*WHAT YOU SHOULD DO*.
What are the lines, copied exactly, from the one containing "Women Cat Mask" through the final line of the material? Leave the pictures out.

*GIVEN DATA*.
'''
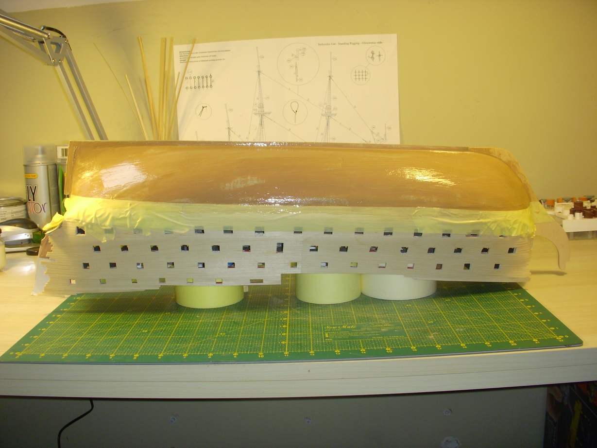 Przy budowie nastepnego modelu nie rob juz tego samego bledu. Odbojniki kladz razem ze zwyklym poszyciem burtowym, bo one sa integralna czescia poszycia, a nie kleisz najpierw planki poszycia i na nie dajesz nastepnie odbojniki (wales). Przestudiuj dokladnie jakis przekroj kadluba - plan na papierze, a zobaczysz, ze odbojniki przylegaly bezposrednio do wreg, tyle tylko ze byly grubsze i masywniejsze, dlatego wystawaly nieco ponad plaszczyzne poszycia.
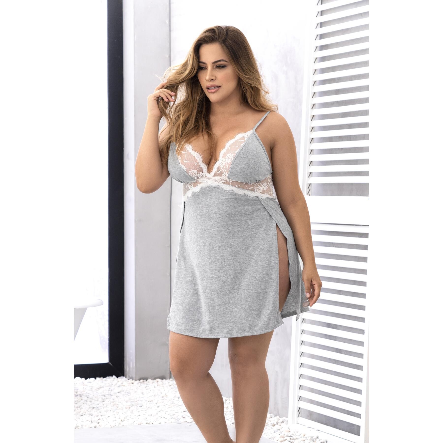 Whether you’re going for “come here” or comfort, you’ll be ready for both in this sexy sleep chemise. The heathered fabric gives you a casual, effortless girl next door allure. The peek-a-boo lace cutouts and high-rise side-slits are seductively suggestive. Wrap-around lace and sexy back straps ensure you’re looking your hottest from any angle. Shoulder and back straps are adjustable, so they sit just right for ultimate shaping and comfort. This flirty little chemise falls just below your booty, but with racy, high slits when you want to show a little more. Cotton/Polyester blend. Imported.
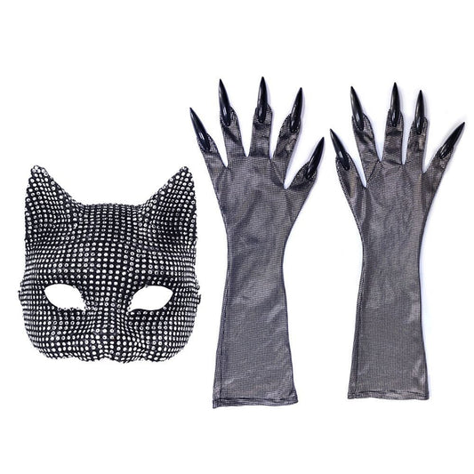 Women Cat Mask Masquerade Face Mask Party Roleplay Cat Mask and Gloves
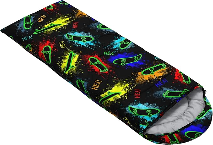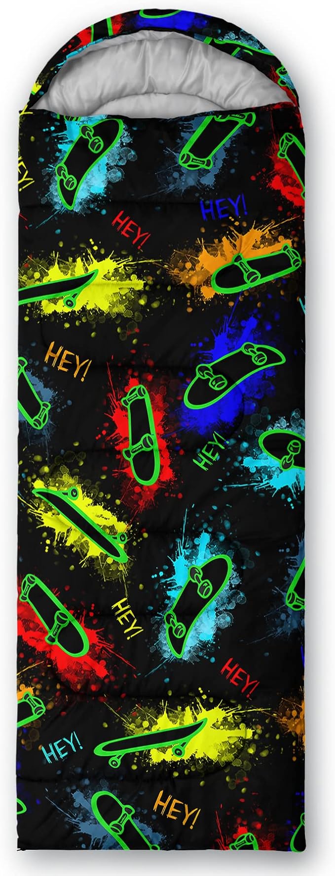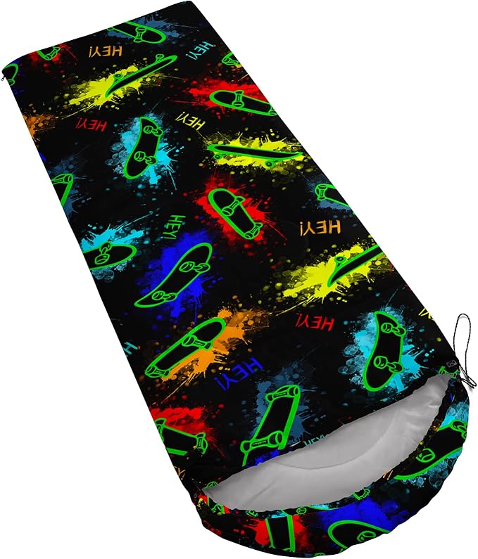 - A THOUGHT OUT DESIGN: Drawstring allows you to tighten hood and keep you warm. The idea of having a zipper at the foot to allow more warm or cool air to enter or exit the bag in different times of the season.Our Skateboard Graffiti sleeping bags are designed to provide much needed rest after a full day of outdoor activities.
'''
*SOLUTION TO THIS EXERCISE*.
 Women Cat Mask Masquerade Face Mask Party Roleplay Cat Mask and Gloves
 - A THOUGHT OUT DESIGN: Drawstring allows you to tighten hood and keep you warm. The idea of having a zipper at the foot to allow more warm or cool air to enter or exit the bag in different times of the season.Our Skateboard Graffiti sleeping bags are designed to provide much needed rest after a full day of outdoor activities.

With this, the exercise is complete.